Work order: Your reply should contain nothing except the lines from the one with "Ion is a whale-like" through the end of the listing below, reproduced exactly and stripped of pictures.

Data shown:
◇ ◇ ◇ ◇ ◇ ◇ ◇
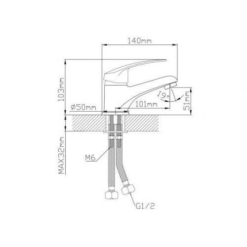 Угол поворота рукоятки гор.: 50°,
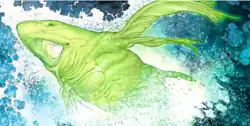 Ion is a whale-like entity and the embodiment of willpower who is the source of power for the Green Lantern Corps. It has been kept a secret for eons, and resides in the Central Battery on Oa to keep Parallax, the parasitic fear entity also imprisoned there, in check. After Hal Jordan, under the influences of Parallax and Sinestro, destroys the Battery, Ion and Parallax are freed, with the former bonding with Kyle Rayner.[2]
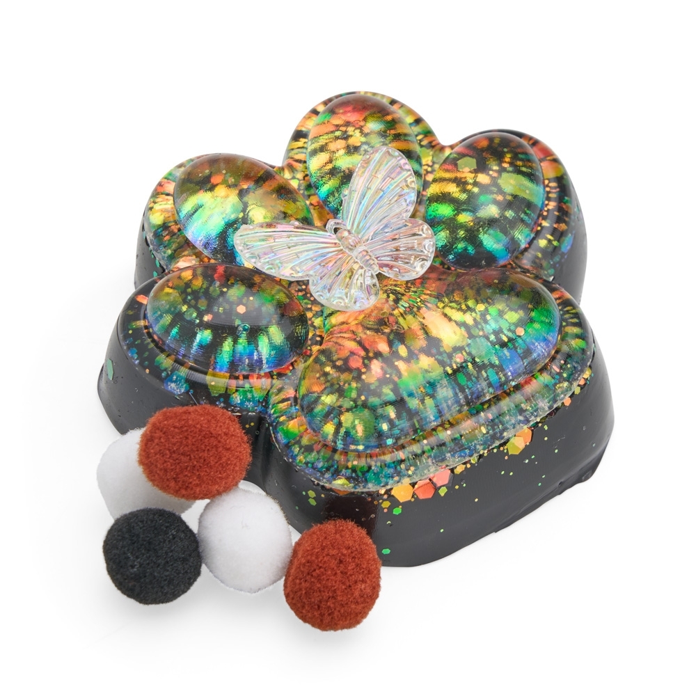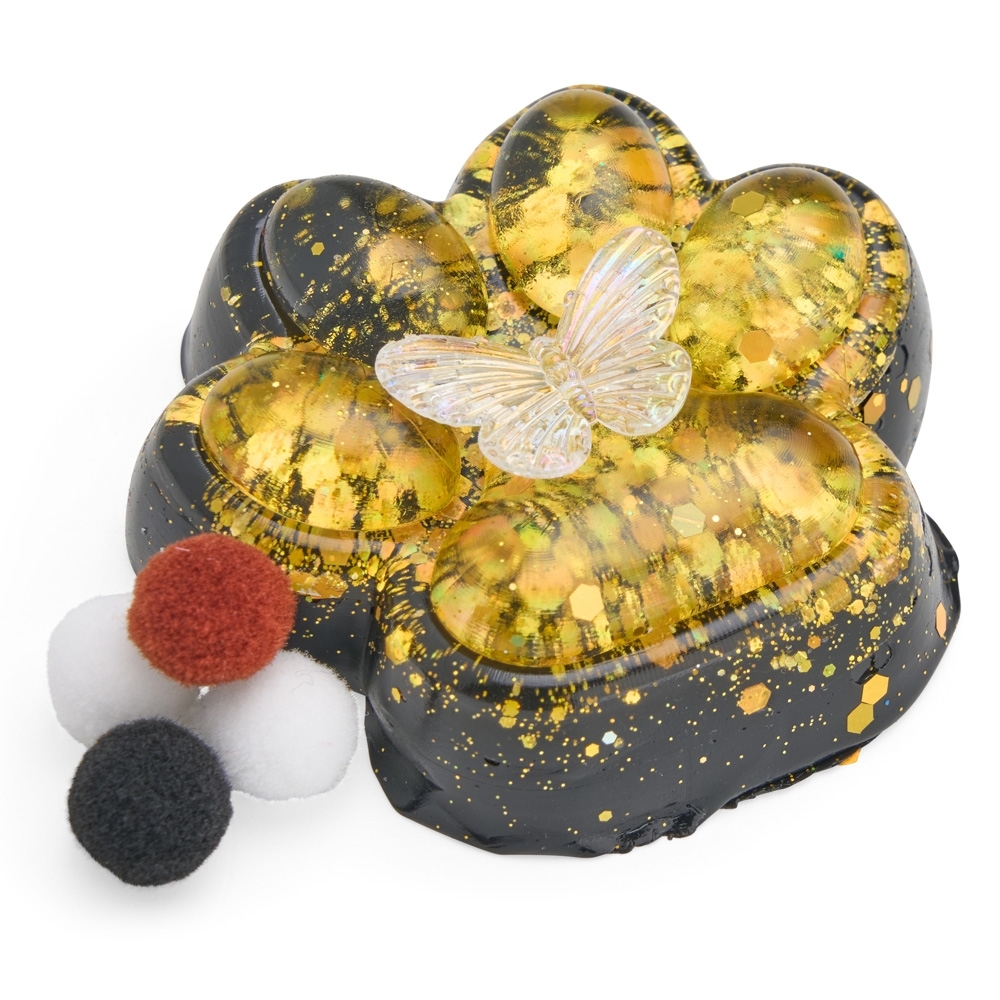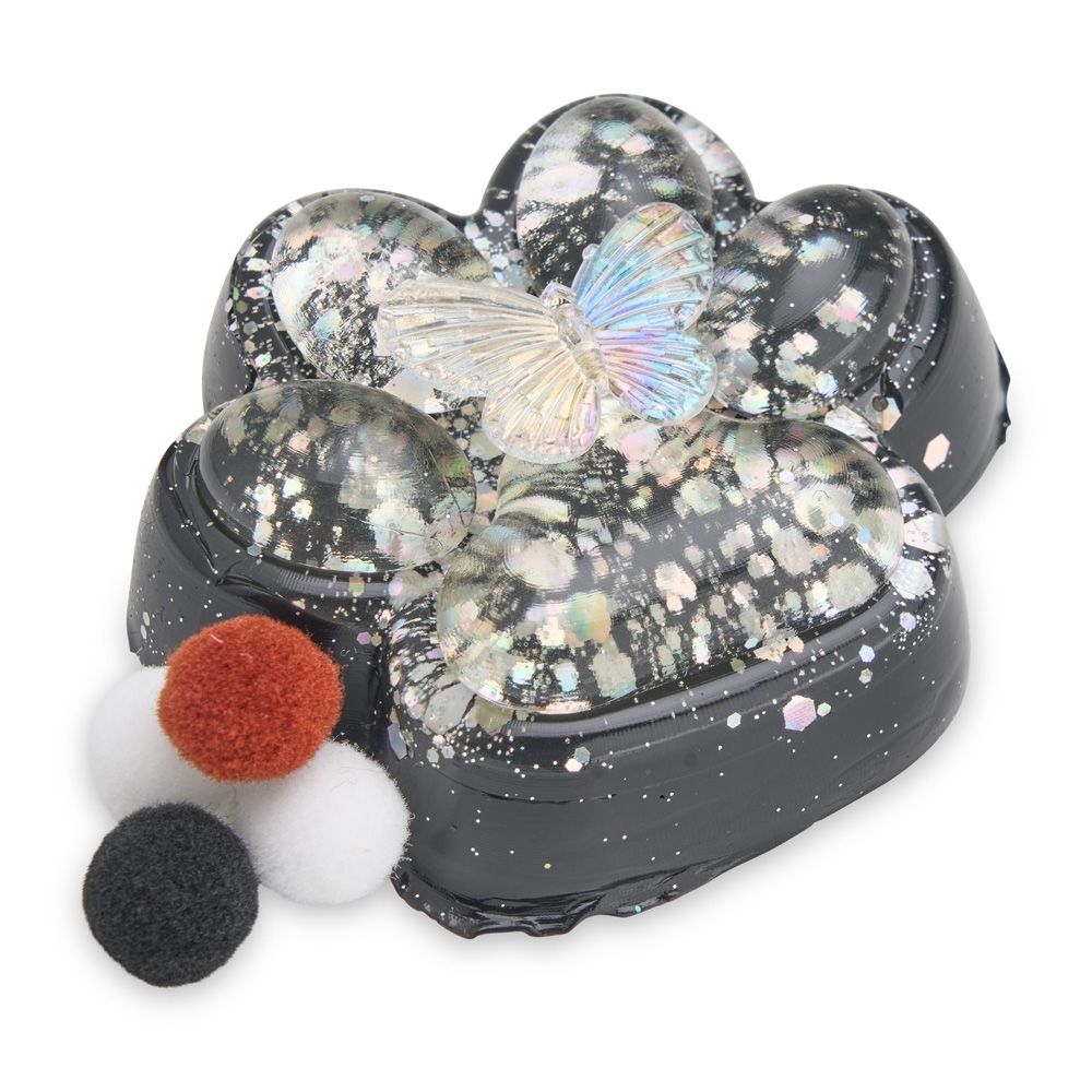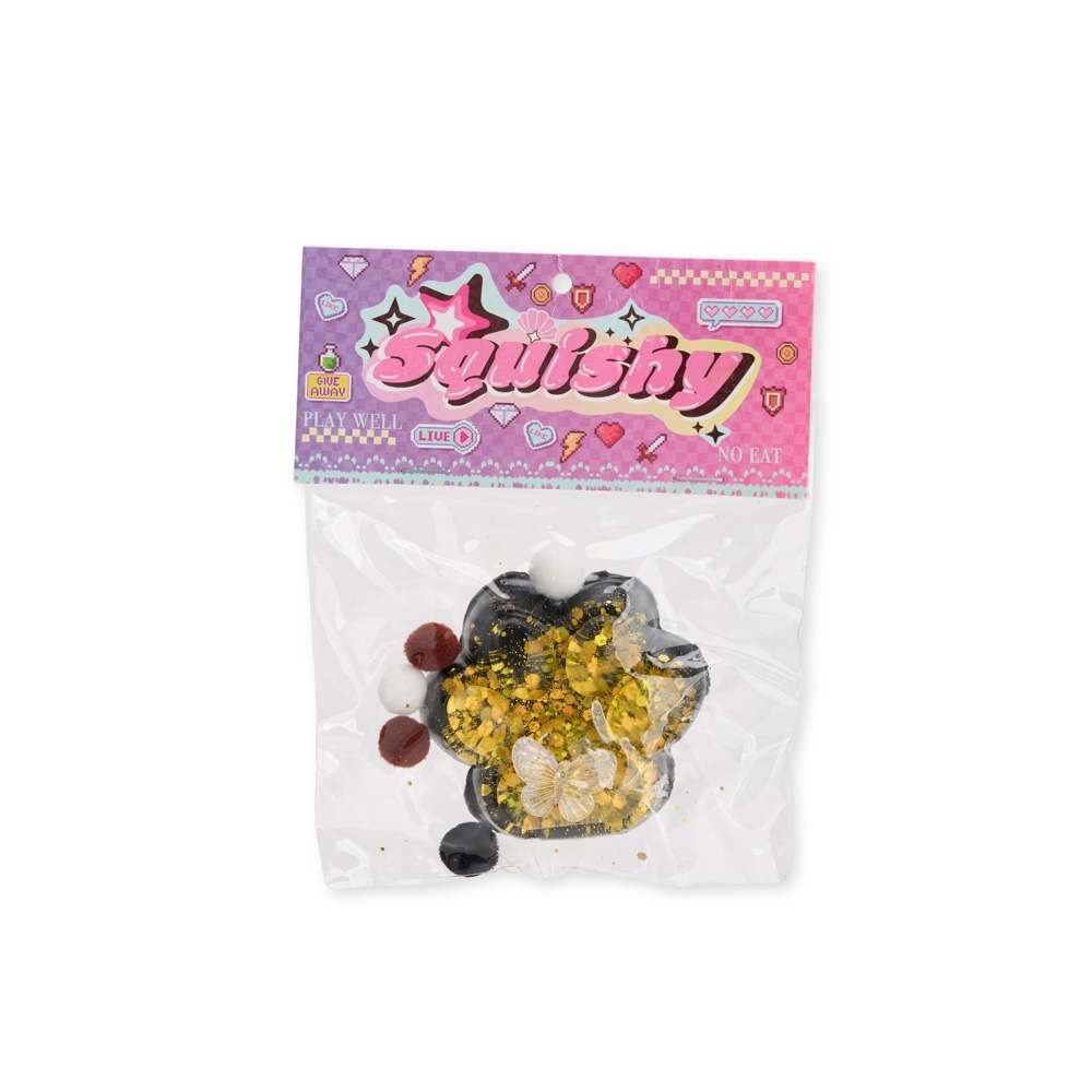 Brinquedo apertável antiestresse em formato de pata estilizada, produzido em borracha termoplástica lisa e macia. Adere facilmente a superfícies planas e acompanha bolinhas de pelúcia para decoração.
◇ ◇ ◇ ◇ ◇ ◇ ◇
Result of this task:
 Ion is a whale-like entity and the embodiment of willpower who is the source of power for the Green Lantern Corps. It has been kept a secret for eons, and resides in the Central Battery on Oa to keep Parallax, the parasitic fear entity also imprisoned there, in check. After Hal Jordan, under the influences of Parallax and Sinestro, destroys the Battery, Ion and Parallax are freed, with the former bonding with Kyle Rayner.[2]
 Brinquedo apertável antiestresse em formato de pata estilizada, produzido em borracha termoplástica lisa e macia. Adere facilmente a superfícies planas e acompanha bolinhas de pelúcia para decoração.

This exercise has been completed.